Auteur : Eric JOURDAN – Professeur de SVT au Lycée Charles Nodier – 39 DOLE
1- Présentation :
Dans le cadre de l’utilisation du numérique en SVT, voici une présentation du logiciel « GénieGen » réalisé par Jean-François MADRE, et distribué gratuitement sur internet : http://acces.ens-lyon.fr/acces/logiciels/geniegen/presentation-du-logiciel-geniegen
GENIEGEN est un logiciel permettant de faire des analyses de séquences d’ADN et d’ARN et de protéines afin de découvrir l’expression de l’information génétique, les liens entre génotype et phénotype, le polymorphisme des gènes, les familles multigéniques, les prévisions en génétique humaine. Ce logiciel est donc une banque de données sur de nombreuses séquences nucléiques et peptidiques que l’on peut modifier en chargeant de nouvelles séquences dans sa banque de données personnelles.
2- Objectifs pédagogiques :
Classe concernée : 1ère S
Illustrations des thèmes : 1A : Expression, stabilité et variation du patrimoine génétique
3- Activité envisageable : Voici quelques pistes d’activités réalisables en classe. Libre à chacun de les adapter en fonction du niveau de la classe et du nombre d’élèves.
- Etude du phénotype drépanocytaire :
Ouvrir le logiciel Génie génétique.
Fichier –> Ouvrir –> Betaglob –> sélectionner les fichiers HBBCOD.ADN et BDREPCOD.ADN
Cliquer sur Affichage, puis protéine afin d’afficher la séquence d’ADN.
Afin de comparer les séquences, cliquer sur Action, puis alignement.
–> Faire comparer la constitution des deux hémoglobines.
- Etude de la transcription de l’ADN :
Ouvrir le logiciel Génie génétique.
Fichier –> Ouvrir –> Betaglob –> sélectionner le fichier HBBCOD.ADN
Cliquer sur Affichage, puis ADN 3′ – 5′ afin d’afficher la séquence complémentaire de l’ADN (brin transcrit)
Cliquer sur Action, puis transcription.
–> Faire comparer les séquences de chaque brin d’ADN avec l’ARNm obtenu lors de la transcription.
–> Faire retrouver le brin d’ADN transcrit.
- Etude de la traduction :
Ouvrir le logiciel Génie génétique.
Fichier –> Entrée d’une séquence
Taper la séquence suivante : AUGGCGUACGGGCCCUUAAAGCAUGCUGAU
Pour cela, mettre en titre séquence 1, puis dans la fenêtre du bas taper la séquence.
Cocher ARN (en bas à droite).
Cliquer sur vérifier puis OK.
Cliquer sur Action –> Traduction –> Du début au codon stop.
Retaper à nouveau la séquence (séquence 2) en remplaçant le 6ème codon par UAA.
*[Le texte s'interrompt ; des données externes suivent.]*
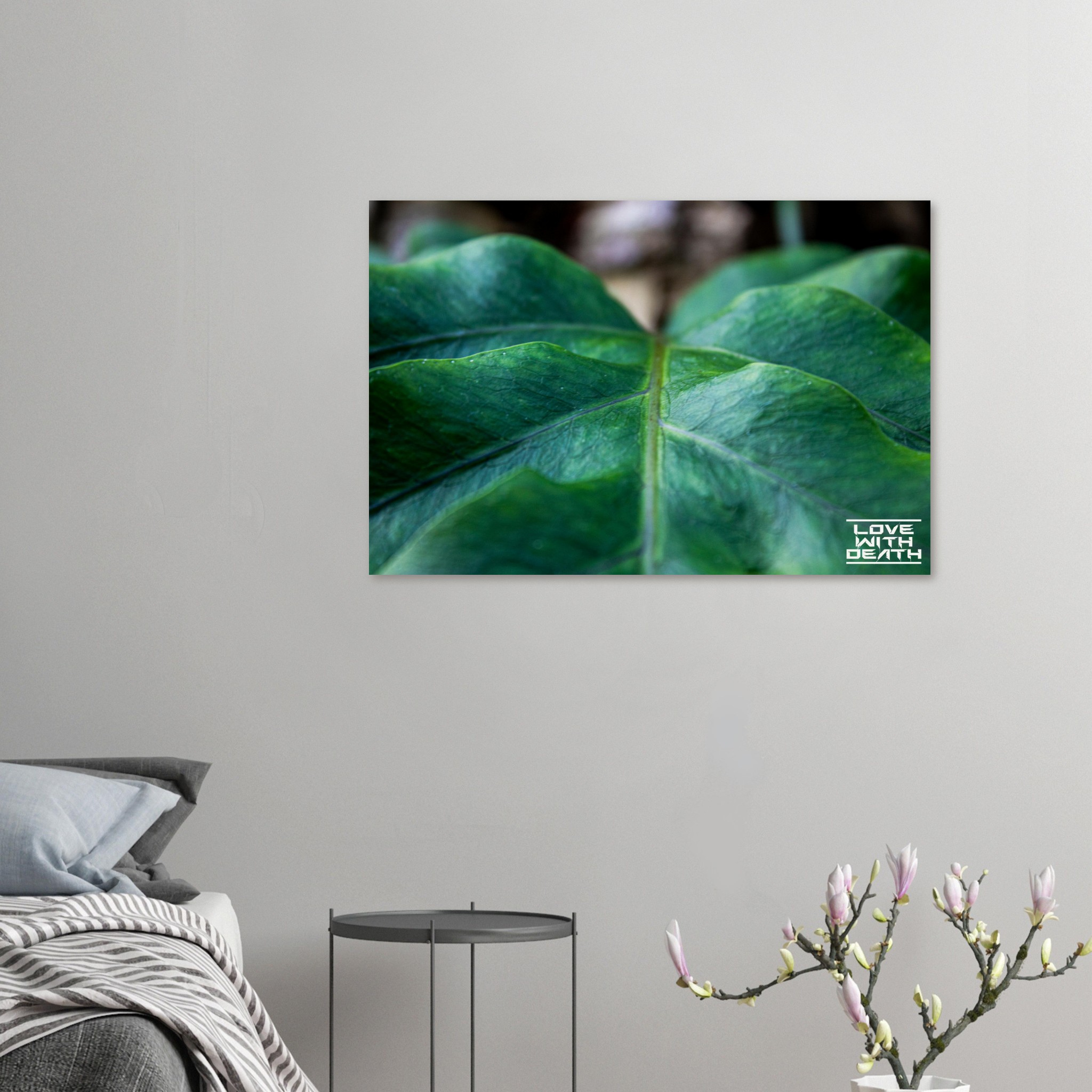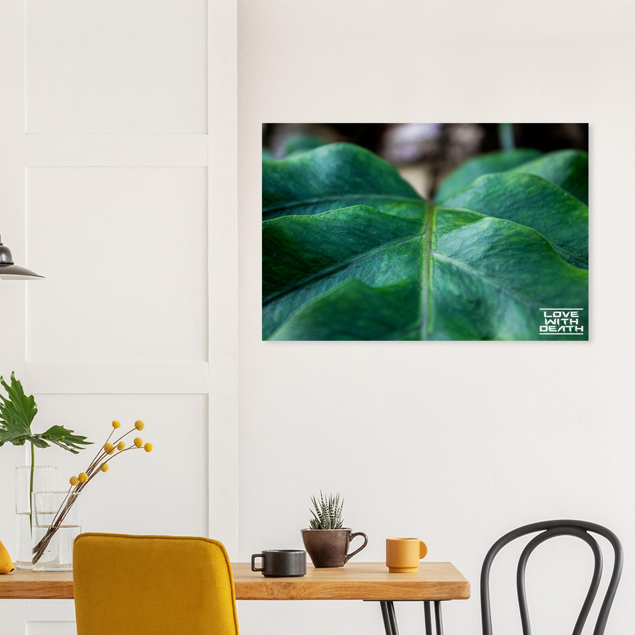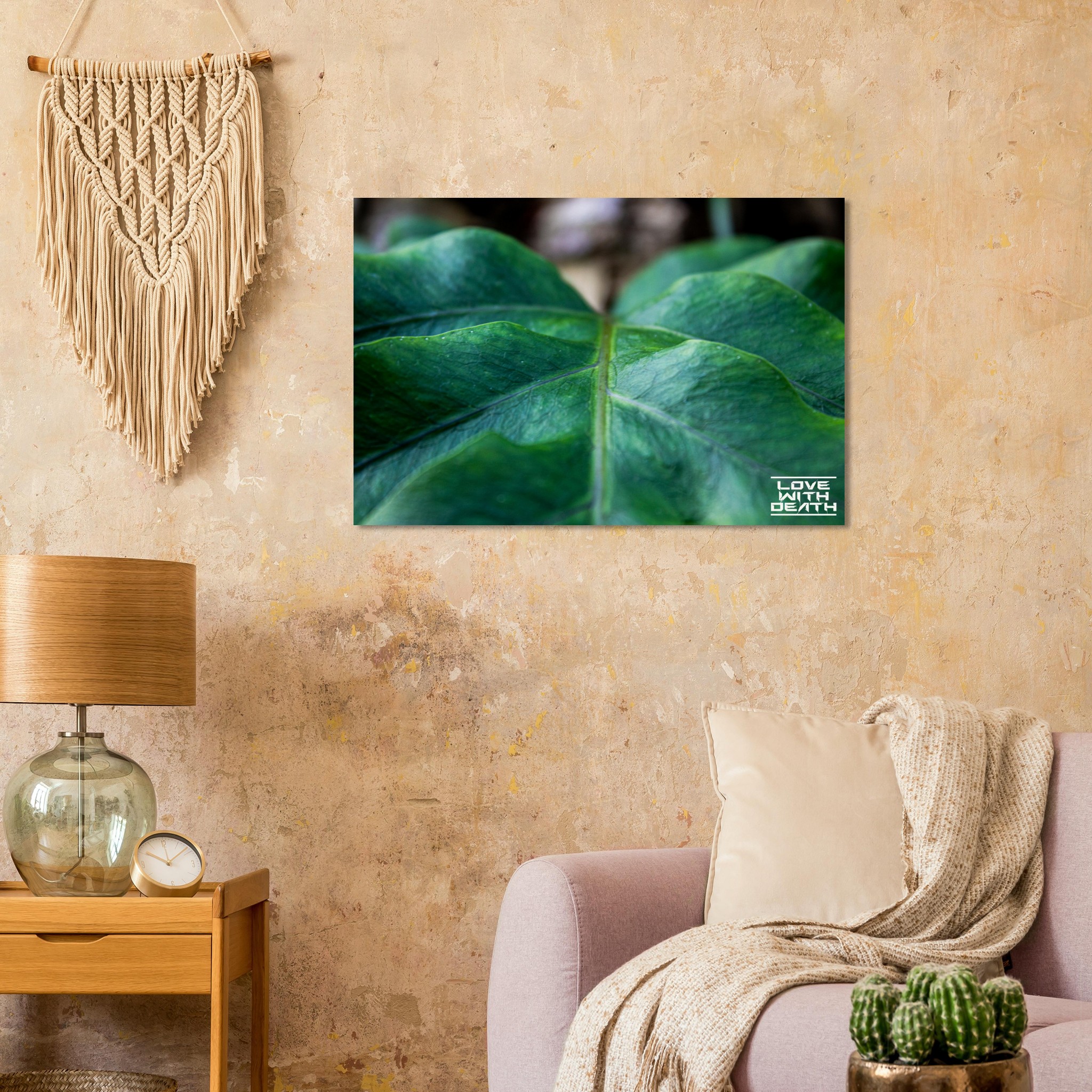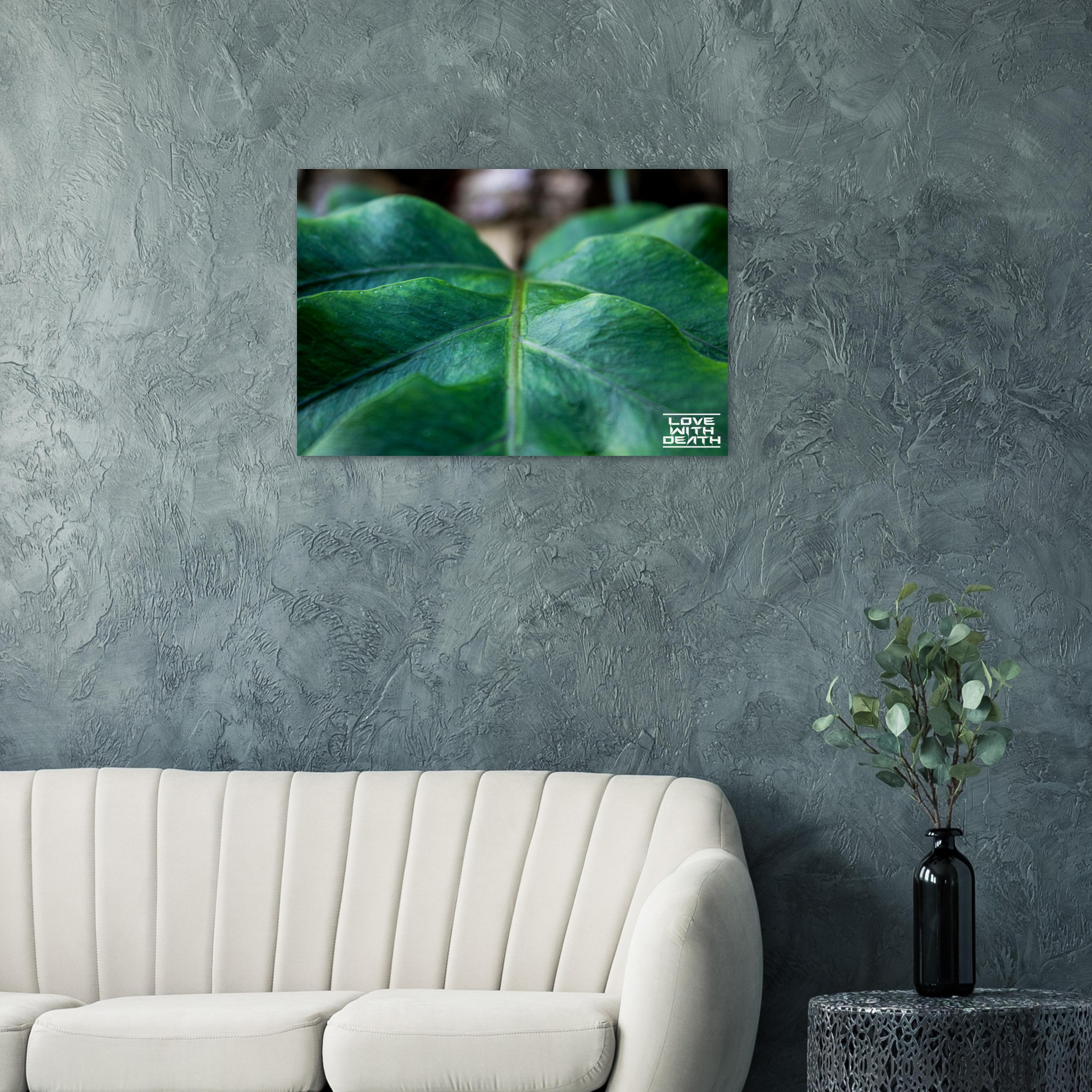 A striking macro shot of a large leaf, capturing the beauty and vitality of nature. The green surface of the leaf reveals fine textures and prominent veins that spread like a network across its surface. The natural light accentuates the wave-like shape of the leaf, making it appear almost three-dimensional.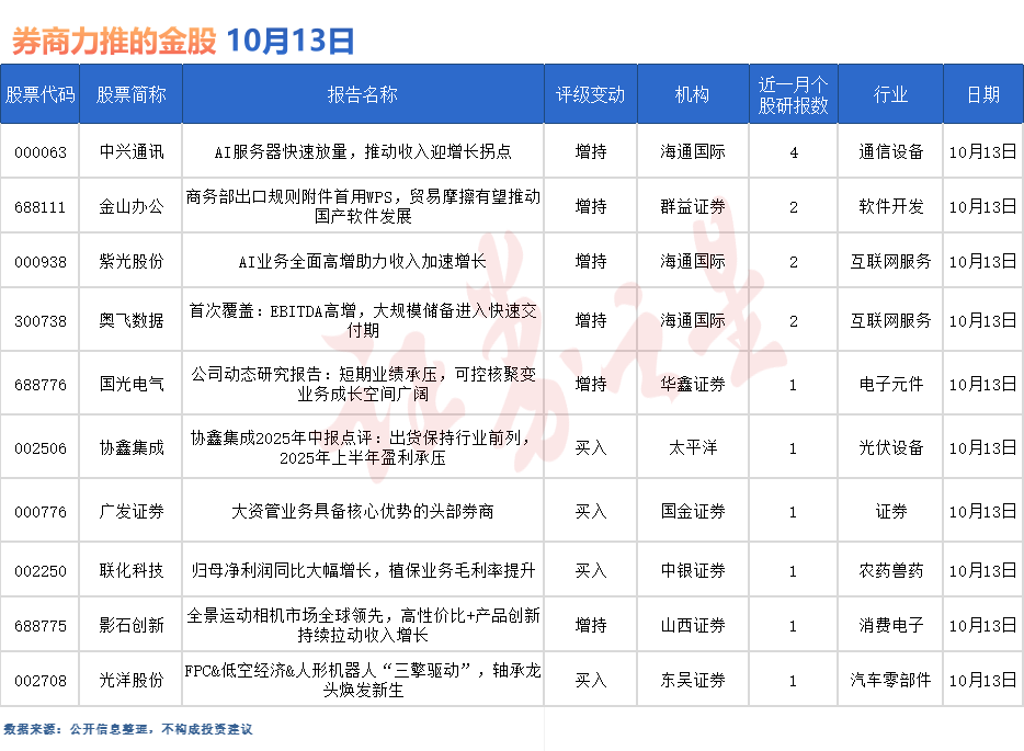 金山办公也备受券商关注,近一个月获西南证券等2份券商研报关注,位居券商10月13日力推股第二。

Cliquer sur Action –> Traduction –> Du début au codon stop.
Retaper à nouveau la séquence (séquence 3) en remplaçant le 7ème codon par UAG
Cliquer sur Action –> Traduction –> Du début au codon stop.
–> Faire comparer les séquences d’acides aminés obtenus dans les 3 cas.
–> Faire déduire de la signification des codons modifiés.